How does the regime respond to claims it's killing civilians?
The Syrian regime has long insisted it's not targeting innocent people. Since 2011, the government says it has been fighting "terrorists" -- long before terrorists from ISIS starting making headway in the war-torn country.
That's not to say rebels are without blame. They, too, have been accused of war crimes.
"There's been plenty of shelling by rebel forces on regime-held parts of Aleppo and Damascus -- they've conducted indiscriminate attacks," Kozak said. But those "pale in comparison to the scale of attacks against civilians" committed by Assad's government, he added.
"The regime remains responsible for the majority of civilian deaths in the Syrian civil war" he said.
Why does the regime get blamed for most of the civilian deaths?
Simply put, rebels and other factions don't have the equipment or firepower to launch many of the major attacks that have killed civilians. Kozak calls this "asymmetrical warfare."
"Asymmetrical warfare is basically when war is conducted by fighters that are not of equal strength," he said. "The regime has a standing military, (and) the opposition does not."
And that gives the regime a technological edge.
"They can use the air force, ballistic missiles, chemical weapons, mass heavy artillery," Kozak said.
Are attacks against civilians helping either side in the war?
The Assad government certainly benefits from eliminating civilians in opposition areas, Kozak said.
The regime has managed to "besiege, soften, and ultimately force the surrender of opposition-held urban centers -- thereby avoiding manpower-intensive urban warfare," he said.
And the attacks can "demoralize and displace civilian populations in opposition-held terrain."

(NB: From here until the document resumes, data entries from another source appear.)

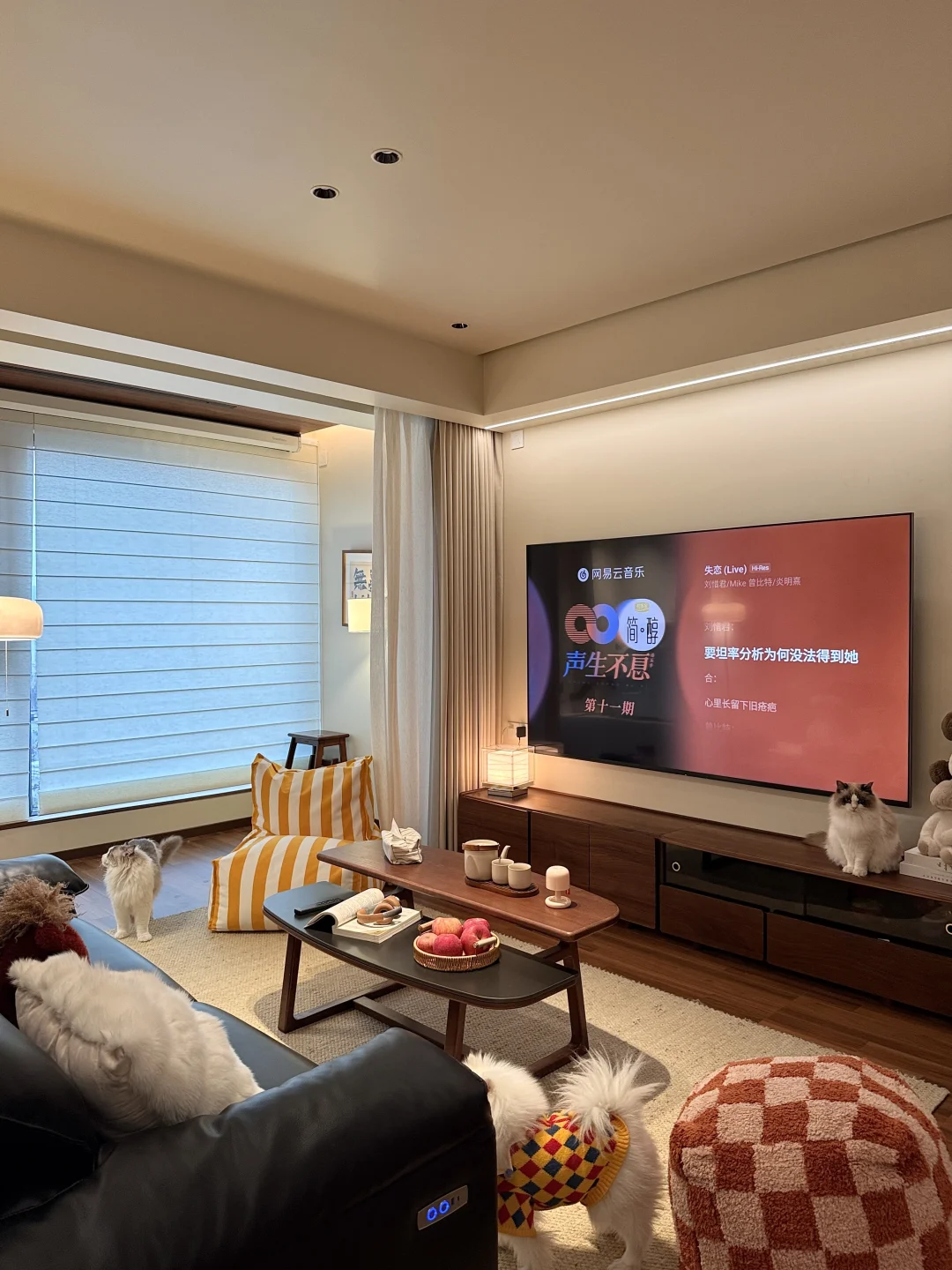 ✅ 客厅无主灯+圆弧吊顶设计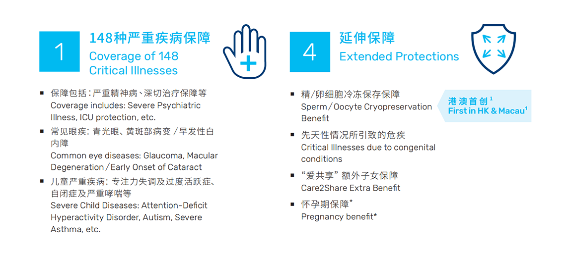 首选健康加护保承保的严重疾病多达148种,并特别为复发机会较高的癌症、心脏病及中风提供合共额外4次赔偿,以及危疾现金津贴,为您和挚爱的健康保驾护航。首选健康爱护保更让懂得未雨绸缪的您,将保障延伸至快将出生的宝宝,以爱守护孩子的健康未来。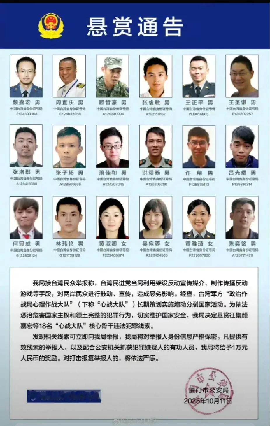 这个通告来得及时,无疑是对网特的重大打击。 颜嘉宏,请大家记住这些人的名字,留意他们的违法犯罪事实。 日前,福建省厦门市公安局发布悬赏通告,征集颜嘉宏等18名台湾军方“政治作战局心理作战大队”核心骨干违法犯罪线索。 划重点,第一,台湾军方。第二,政治作战局,政治也能作战?与意识形态领域的战争,与舆论战、墨水战、口水战、新闻战有什么关系?第三,心理作战大队,简称心战,这个名称奇怪吗?政治作战局心理作战大队,有点绕口。 清网行动必须加大力度,同时,有关公安局应该加大内奸的排查力度。线上线下,双管齐下,重拳出击,不给汉奸特务可乘之机。

"The greatest threat facing the regime is ultimately the creation of a credible political alternative that could rally international support and challenge its claims to legitimate governance," Kozak said.
"The regime's sustained pressure on civilian populations and infrastructure precludes this development by disrupting day-to-day life in opposition-held regions and driving civilians to flee either into regime-held terrain or out of the country entirely. The regime thus bolsters its own claim as the sole legitimate protector of its citizens in part through a humanitarian crisis of its own design."